Persistent mutations in tumors may predict immunotherapy response: Study
Iinvestigators at the Johns Hopkins Kimmel Cancer Center and its Bloomberg Kimmel Institute for Cancer Immunotherapy have found that a subset of mutations within the overall tumor mutation burden or TMB, termed “persistent mutations,” are less likely to be edited out as cancer evolves, rendering tumors continuously visible to the immune system and predisposing them to respond to immunotherapy.
This persistent mutation load may help clinicians more accurately select patients for clinical trials of novel immunotherapies or predict a patient’s clinical outcome with immune checkpoint blockade - a type of immunotherapy.
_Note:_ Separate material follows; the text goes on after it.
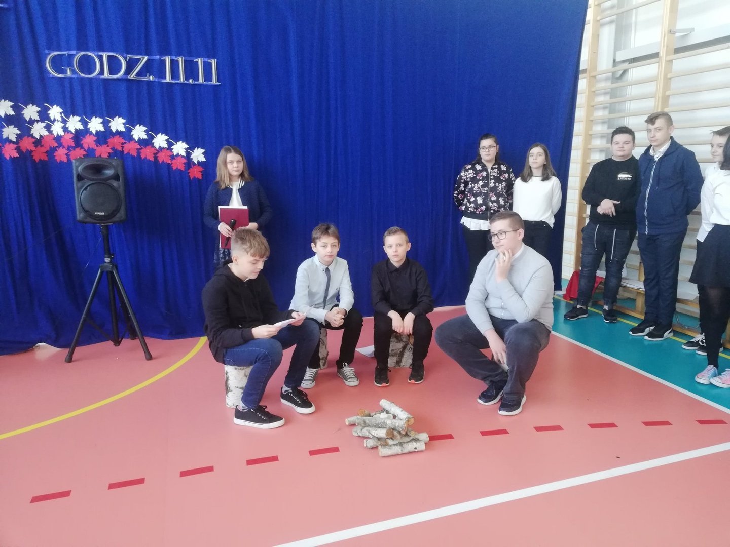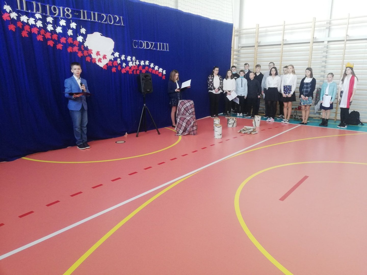 W czasie krótkiego montażu słowno - muzycznego przedstawili drogę Polaków do niepodległości. Recytując utwory znanych poetów, przybliżyli nam tę trudną historię. Wiersze przeplatane były pieśniami patriotycznymi w nowych i starszych aranżacjach. Usłyszeliśmy: Biały krzyż, Wojenko, wojenko, wspomniane już Legiony, Honor i gniew oraz Pierwszą kadrową. W tle pojawiły się również Preludium e moll op. 28 i Etiuda rewolucyjna Fryderyka Chopina. Urozmaiceniem były scenki pantomimiczne na tle Etiudy rewolucyjnej.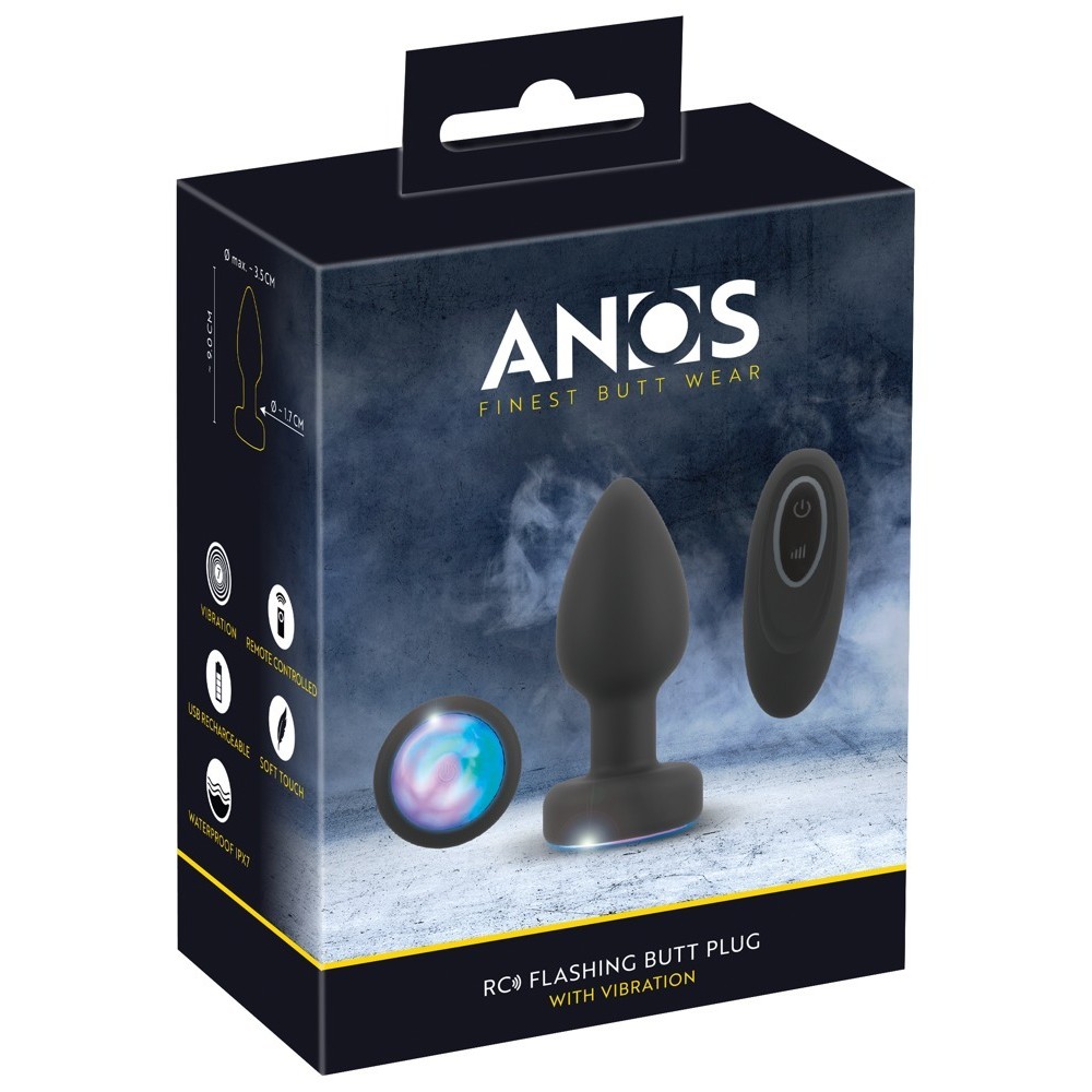 Le RC Flashing Butt Plug with Vibration d'ANOS est doté d'une lumière LED colorée et clignotante à la base. Son design classique et effilé assure une insertion facile et un ajustement parfait, tandis que les vibrations procurent une stimulation intense. La base de sécurité anale facilite la manipulation du plug et l'empêche de glisser trop loin à l'intérieur. Le plug, fabriqué en silicone doux et soyeux, peut ainsi être utilisé confortablement pendant de longues périodes. La lumière clignotante psychédélique s'allume lorsque le plug est inséré.

The investigators assessed regions of the genome with a single copy per cell and with two copies per cell, and found that the rate of mutation losses was lower in the regions with a single copy than in those with two copies, supporting the idea that mutations in single copy regions would be difficult to eliminate. The distribution of persistent mutations also differed compared to the overall TMB, where a tumor’s TMB was not always concordant with its persistent mutation load. Furthermore, in each tumor type, the team observed differential classification of tumors based on persistent mutations compared to the overall TMB.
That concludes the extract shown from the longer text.